L'objectif est alors de renforcer la clarté, le rythme, la précision, tout en préservant ce qui fait la spécificité de la voix. C'est ce type de manuscrit - maîtrisé, lisible, mais doté d'une vraie personnalité - qui a le plus de chances de convaincre un éditeur en 2026.

Choisir les maisons d'édition en cohérence avec son projet

Enfin, la question « tendance versus originalité » ne peut pas être dissociée du choix des maisons contactées.
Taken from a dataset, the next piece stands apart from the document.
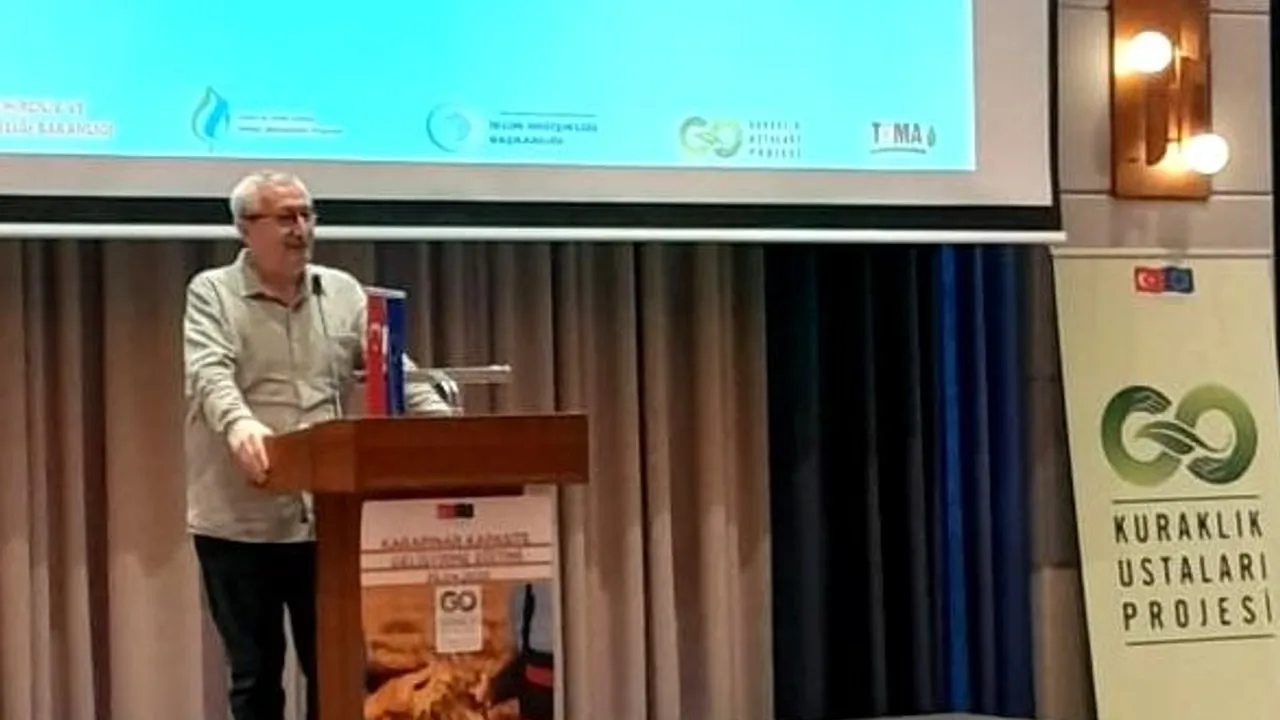 Programın açış konuşmasını yapan TEMA Vakfı Genel Müdür Yardımcısı Dr. Hikmet Öztürk, iklim krizinin proje bölgesinde kuraklıkların sıklığını ve şiddetini artıracağına dikkat çekti. Tarımsal üretimi tehdit eden en büyük risklerden birinin kuraklık olduğunu belirten Dr. Öztürk, bölge halkının geçmişte yaşadığı kuraklık dönemlerinden önemli deneyimler kazandığını; bu süreçlerde edinilen bilgi ve üretim pratiklerinin, bugünün bilimiyle birleştiğinde kuraklıkla mücadelede yol gösterici olacağını ifade etti.

Un même manuscrit ne sera pas perçu de la même manière par un grand groupe, une maison indépendante littéraire, un éditeur très commercial ou une structure hybride.

Prendre le temps de repérer :

- Les catalogues dans lesquels son projet ne serait pas en contradiction flagrante.
- Les collections où l'équilibre entre lisibilité et originalité semble proche de ce que l'on cherche soi-même.
- Les maisons qui publient déjà des textes qui, sans être copiés, partagent un certain esprit avec son manuscrit.

Cette adéquation augmente les chances que la singularité de l'œuvre soit lue comme un atout plutôt que comme une difficulté.

En 2026, faut-il suivre les tendances ou rester original ? Une synthèse nuancée

Ce que montre le fonctionnement réel des maisons d'édition

Si l'on s'en tient aux pratiques observables en France en mars 2026, plusieurs éléments se dégagent :

- Les maisons d'édition sont soumises à des contraintes économiques fortes et ne peuvent pas ignorer les tendances du marché, surtout dans certains genres très porteurs.
- Les comités de lecture sont vigilants face aux manuscrits qui reproduisent trop directement des succès récents sans véritable apport personnel.
- L'originalité recherchée n'est pas une marginalité absolue, mais une singularité de voix et de regard qui reste compatible avec un cadre éditorial et un lectorat identifiables.
- La temporalité longue du livre fait que les projets uniquement opportunistes par rapport à une mode passagère ne sont pas nécessairement privilégiés.

Une réponse pour l'auteur en 2026

Pour un auteur qui souhaite convaincre un éditeur en 2026, la voie la plus solide consiste généralement à :

- Connaître les tendances du marché et les intégrer comme un contexte, non comme un cahier des charges rigide.
- Assumer une œuvre originale au sens d'une identité claire, d'un regard singulier, d'une cohérence personnelle, plutôt que de viser une « bizarrerie » gratuite.
- Adapter le manuscrit sur le plan de la forme, de la structure et de la lisibilité pour le rendre défendable dans une collection existante et compréhensible pour les équipes éditoriales et commerciales.
- Choisir les maisons d'édition dont la ligne permet que cette originalité soit perçue comme une force.

En d'autres termes, en mars 2026, il n'est ni réaliste ni souhaitable de s'abstraire totalement du marché, mais il serait tout aussi risqué de sacrifier toute originalité pour suivre des tendances éphémères. Ce que les éditeurs recherchent le plus souvent, ce sont des textes situables dans un univers éditorial clair, portés par une voix singulière capable de se distinguer durablement. C'est cette combinaison - conscience du marché + fidélité à son projet d'auteur - qui offre, dans la réalité du secteur, les meilleures chances de convaincre une maison d'édition.